Mouroir, mon beau mouroir

Curieux film qui, par son impertinence et le ton souvent juste qu'il a su trouver, évoque les plus brillantes comédies anglaises, un saupoudrage d'humour yiddish en plus. Particulièrement bien réalisé, s'appuyant sur des acteurs prodigieux et un thème central bien provoc, surtout en Israël, Fin de Partie semblait réunir tous les ingrédients de la bonne surprise (partie). Mais le film se termine hélas en jeu de massacre difficilement supportable.

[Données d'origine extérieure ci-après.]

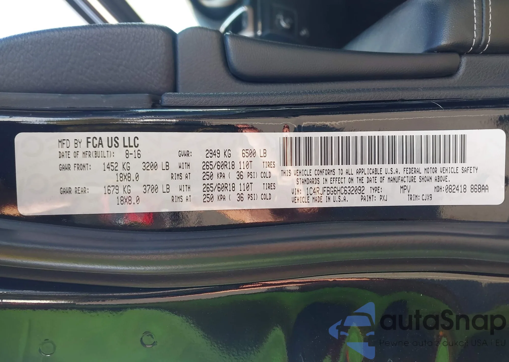 • VIN 1C4RJFBG6HC632092
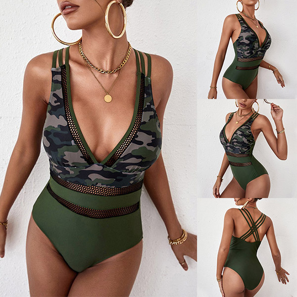 You can easily be the focus at the swimming pool or beach-side when you wear this one-piece swimsuit. The backless and deep v-neck design make it look so alluring,while the camouflage printed details will offer you a more eye-catching look. Just enjoy your swimming time with this swimsuit!

Les premières scènes, franchement hilarantes, font pourtant mouche, et croquent le portrait d'un troisième âge combattif, non résigné, qui a su apprivoiser la vieillesse dans ce qu'elle a de meilleur: l'affranchissement de conventions étouffantes. La bande de joyeux drilles décidant, dans le pays où Ariel Sharon a été maintenu en vie artificiellement pendant près d'une décennie, de mettre fin aux souffrances insupportables d'un de leurs amis, est animée d'une pulsion de vie qui rend leur acte d'emblée justifié voire sympathique. Cela reste, de loin, la meilleure partie du film. Mais la fin de partie, justement, nous a semblé un peu gâchée...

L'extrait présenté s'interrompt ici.